First, the “labor theory of value” assumes that the value of a product can be mechanically or mathematically determined by adding up the labor input. But that is arbitrary and silly. The objective value of a finished product is actually determined by the value judgement of consumers. If consumers - i.e., the market - values the product more than the sum of the labor input, there is a profit to the business. If not, there is a loss or, at best, break-even. A profit does not indicate “surplus” value. It simply means the business is competently run by the people supplying the intellectual labor input -- the process of thinking, planning, decision-making, market judgements, etc.
But, doesn’t that mean that profits are extracted from labor -- i.e., wages? No, not at all. Which leads to the next fallacy; that profit proves that workers are underpaid, or “exploited.”
Early exponents of the “labor theory of value,” from Adam Smith to Karl Marx, assume a pre-Capitalist starting point of some ideal economy where the worker directly sells his work output as a finished product. The worker pockets all of the sales revenue from his work. The mistake Smith et al make is to call the worker’s sales revenue wages. It is not. The hypothetical worker is not a wage laborer. He is, in fact, a businessman of the sole proprietor variety. Profit is a financial gain, arising from the difference between the final sale and the amount spent to bring the product to market. Therefore, since the hypothetical worker’s input was only his labor, with no financial input, the net gain from the worker’s sales revenue is 100% profit. Why? Because there are no wages paid out in support of the final product. The sole proprietor does all of the labor himself, both intellectual (thinking, planning, etc.) and physical. The sales revenue minus whatever monetary input our businessman/worker expends is 100% profit, not wages. What wages do his profits arise from?

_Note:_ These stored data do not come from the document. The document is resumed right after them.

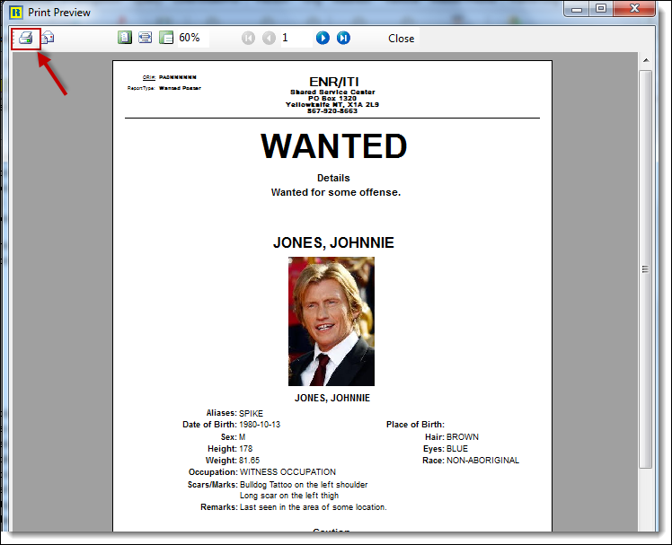 6. From the Print Preview window, click the “Print” button to print the Wanted Person poster.
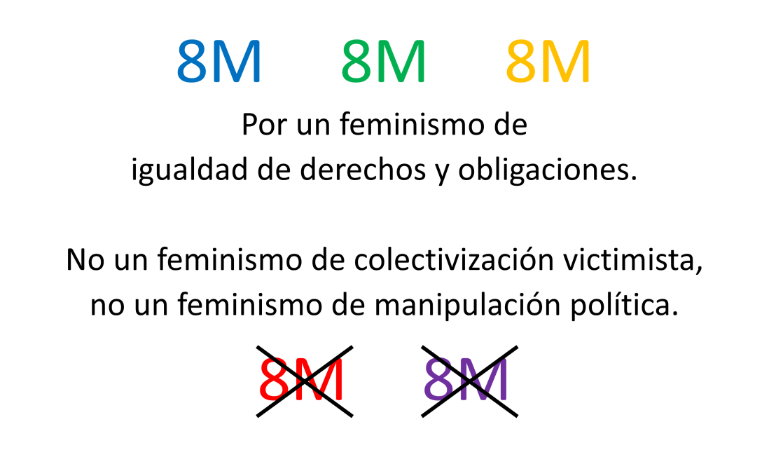 Si el machismo consiste en establecer un prejuicio separador (hombre-mujer) y asociarle una relación manipuladora, de dominio o precedencia; la respuesta razonable será desmontar el prejuicio y combatir la manipulación. Hasta ahí creo que nos podríamos encontrar casi todos, en una especie de feminismo liberal, liberador de prejuicios. Pero, como siempre ocurre, hay quienes prefieren … Sigue leyendo Feminismo ¿liberador o frentista?
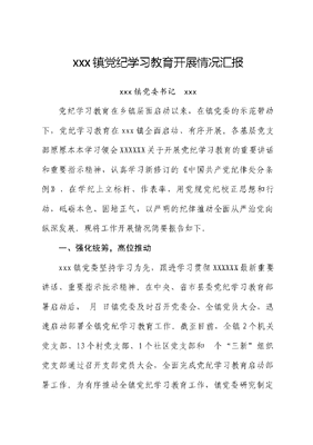 xxx镇党纪学习教育开展情况汇报xxx镇党委书记xxx党纪学习教育在乡镇层面启动以来,在镇党委的示范带动下,党纪学习教育在xxx镇全面启动、有序开展。各基层党支部原原本本学习领会XXXXXX关于开展党纪学习教育的重要讲话和重要指示精神,认真学习新修订的《中国共产党纪律处分条例》,在学纪上立标杆、作表率,用党规党纪校正思想和行动,砥砺本色、固培正气,以严明的纪律推动全面从严治党向纵深发展。现将工作开展情况简要报告如下。一、强化统筹,高位推动xxx镇党委坚持学习为先,跟进学习贯彻XXXXXX最新重要讲话、重要指示批示精神。在中央、省市县委党纪学习教育部署启动后, 月 日镇党委及时召开党委会、全镇党员大会,迅速启动部署全镇党纪学习教育工作。截至目前,全镇2个机关党支部、13个村党支部、1个社区党支部和个三新组织党支部通过召开支部党员大会,全面完成党纪学习教育启动部署工作。为有序推动全镇党纪学习教育工作,镇党委研究制定了《的实施方案》,明确总体要求、主要任务、时间安排、组织保障,重点结合实际,通过抓实理论学习、警示教育等关键环节、重点举措,对党纪学习教育任务进行再细化再明确再落实,确保各项工作有序推进、见行见效。探索建立一位领导干部、一名工作人员、一个党支部三个一对接包联机制,安排11名镇级领导干部联系指导13个村、1个社区党支部,个三新组织党支部。推行党委带头学、党支部组织学、党员自主学三级抓学习机制,团结带领全镇61名机关党员、60名村两委干部、1千余名普通党员深入党纪理论学习,在以学正风以学促干上下真功、求实效。二、学深悟透,入心入脑xxx镇党委教育引导各党支部深刻认识开展党纪学习教育的重要性和目标要求,准确把握六项纪律的主旨要义和规定要求,切实做到学纪、知纪、明纪、守纪,推动党的纪律建设最新成果入脑入心,使党纪学习教育每项措施都成为推动产业经济发展、森林草原防灭火、农村人居环境治理等近期重点工作落实的有效举措。文可居文库——海量学习资料,手机电脑均可下载www.wenkeju.com镇党委班子成员先学一步,学深一层,带动各基层党支部跟进学习XXXXXX关于党纪学习教育的重要讲话和重要指示精神,原原本本、逐章逐条学习新修订《条例》。组织各党支部制定学习计划,采取个人自学、集中学习、研讨交流、结对帮学等多种方式开展党纪学习教育。目前,镇党委通过党委会第一议题、理论学习中心组、木兰课堂等形式开展集中学习研讨次。各党支部通过三会一课、主题党日等形式开展专题学习余次,通过结对帮学、送学上门等形式,组织老弱党员学习余人次,通过党员微夜校组织流动党员学习余人次,累计发放纸质版学习资料1100余册。5月11日,xxx镇组织各基层党支部在全镇范围内开展纪法在心·清风同行主题党日活动,各党支部书记带领支部党员干部原原本本学习《中国共产党纪律处分条例》,组织集中观看《党纪这样学》《一起学<条例>》等党纪学习教育微课堂,以简明易懂的形式,生动的为党员干部梳理了《条例》修订的历史沿革,逐条细致讲解了具体内容,帮助党员干部准确掌握《条例》主旨要义和规定要求,组织参会党员结合学习文可居文库——海量学习资料,手机电脑均可下载www.wenkeju.com体会,谈感触、讲打算,进一步深化了对加强党的纪律建设重要性和忽视党纪、违反党纪问题危害性的认识,达到了统一思想认识、凝聚智慧力量、鼓舞干劲斗志的目的。三、靶向发力,分类推动xxx镇党委始终聚焦党纪学习教育难点,坚持精准施策、分层指导,确保学有质量、学出成效。一是分类制定清单。结合村、社区、三新组织党支部不同情况,分类制定印发工作提示,明确启动部署相关要求,逐项细化工作任务,明确工作内容、目标要求和时间节点,实现工作任务精准化落实。二是常态化督促指导。通过线上调度、实地指导等方式,为基层党支部教方法、提要求,督促指导各基层党支部制定完善党纪学习教育工作计划,明确包村干部负责、定期对包联党支部党纪学习教育工作开展情况进行全覆盖、全过程指导,确保党纪学习教育精准对标、走深走实。三是强化宣传引导。充分依托xx融媒、xx组工等县级媒体专栏,用好学习强国、xx干部网络学院等各类学习平台,及时组织学习各级权威媒体发布的《条例》解读文章、网络课程,并文可居文库——海量学习资料,手机电脑均可下载www.wenkeju.com对推动党纪学习教育过程中的好经验好做法和进展成效进行总结提炼宣传。同时,把开展党纪学习教育与持续整治形式主义为基层减负相结合,不对写读书笔记、心得体会等作硬性要求,不搞不必要的形式创新,不随意增加自选动作。当前,xxx镇正在以党纪学习教育为契机,全党上下坚持以铁的纪律凝聚意志、锤炼作风、锻造队伍,
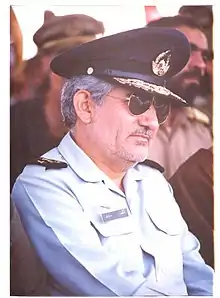 After serving his compulsory military service in the Army Artillery branch, he joined the Iranian Military Academy and entered the Imperial Iranian Air Force in 1965 in the Ground Force branch. In 1971 he was sent to United States to attend a course in Advanced Radar Control and Battle Management. Upon his return to Iran he was employed as a Radar Defence Control Officer. He implemented many innovative plans to improve radar and counterattack systems that was learnt from the U.S. Air Forces, which proved helpful in disabling offensive capacities of the Iraqi Air Force during the Iran-Iraq War. In 1983 Mansour Sattari was appointed Deputy Operations Officer for the Islamic Republic of Iran Air Force counterattack headquarters, and in 1985, as the Deputy Planning Officer of IRIAF. In 1986, after reaching the rank of Colonel, he was appointed the Commander-in-Chief of the Islamic Republic of Iran Air Force. He held this position until his death. On January 5, 1995 an Islamic Republic of Iran Air Force (IRIAF) Lockheed JetStar crashed near Isfahan during an emergency landing, killing all 12 on board including General Mansour Sattari, commander of the IRIAF. He was 46 years old.[3]
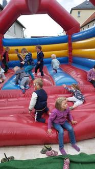Die Feuerwehrkameraden der FFW Tegau waren mit der Kübelspritze vor Ort. Auch auf der großen Hüpfburg war immer Betrieb. In den Verschnaufpausen ließen sich die Kinder schminken, bastelten Duftsäckchen oder spielten nach Herzenslust mit den Ankerbausteinen im Gruppenraum.
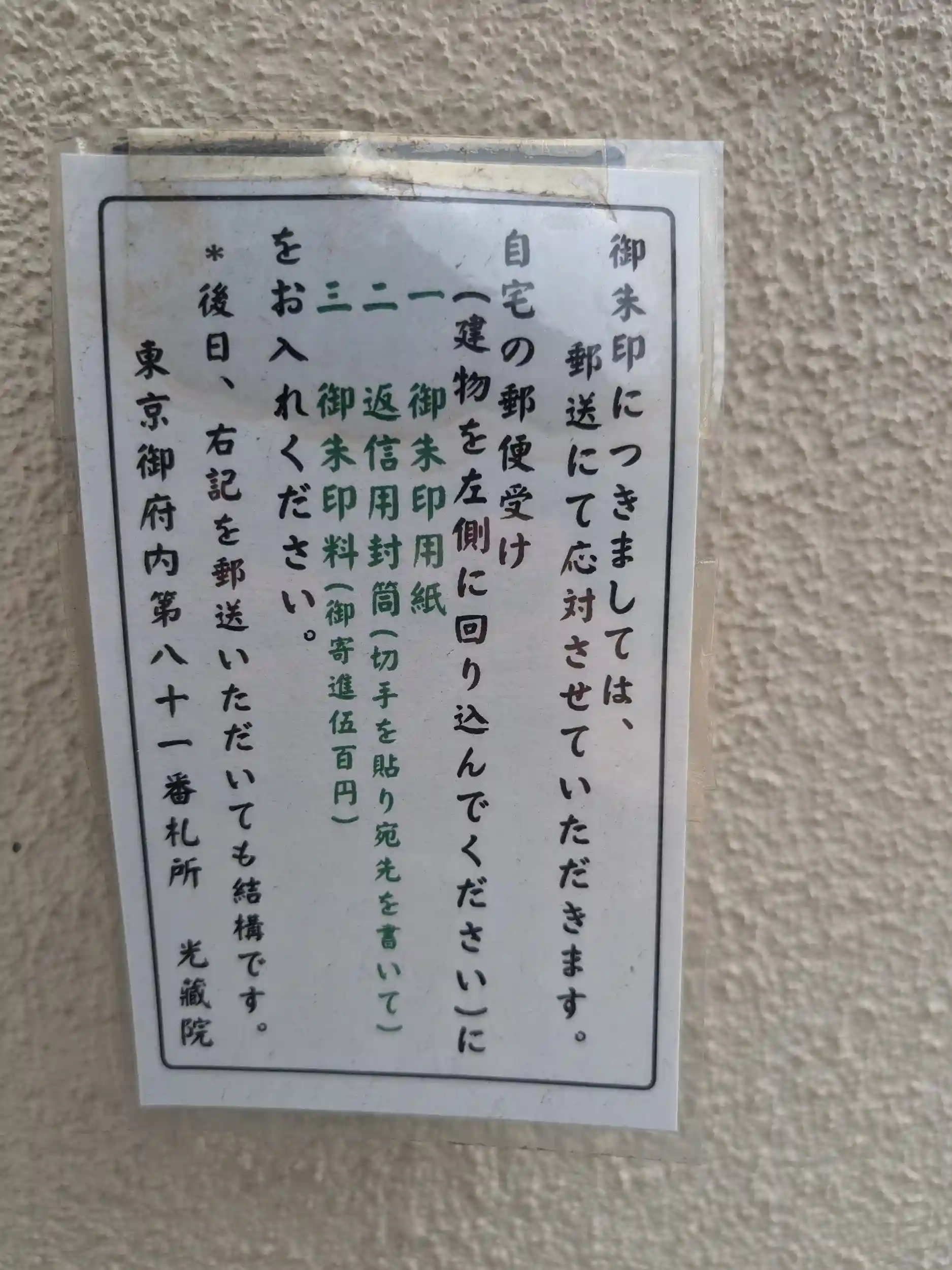 御府内八十八ヶ所霊場44ヶ所目は第81番札所の光藏院さん。事前に郵送対応の情報あったので、ご朱印書と返信用封筒と志納料を封筒に入れてポストへ投函。3−4日ほどでご郵送いただきました。ありがとうございました。

To clarify further, let’s concretize things. Say, in a pre-Capitalist economy, a person decides to make tables for a living. He (or she) cuts down trees, refines the trees into raw lumber, cuts and assembles the lumber into tables, finishes them off, and sells them. He has no monetary input, including no wage input. Therefore, his profit margin is 100%. Now suppose he decides to hire someone for wages to cut and refine the trees to produce raw lumber rather than do it himself, so he can devote more time to making tables. Let’s say the cost in wages for this new employee comes to 20% of the final sales. Well, his profit is cut to 80%. The worker’s wage is paid prior to sale, and, assuming a profit is earned, results in a reduction of the original sole proprietor's profit. The new worker’s wage arises out of profit. Now, suppose our table-maker businessman/worker (who is also now a capitalist due to his investment of part of his prior profit in wage labor, an expense he didn’t have before) needs more help to keep up with orders from consumers. He hires another worker for wages to make tables. Let’s say the new employee’s wages amount to another 20% of his sales revenue. His profit margin is thereby reduced to 60%. That’s ok, because the business can make up for the reduced profit margin by selling more tables, thanks to the financial investment in wage labor.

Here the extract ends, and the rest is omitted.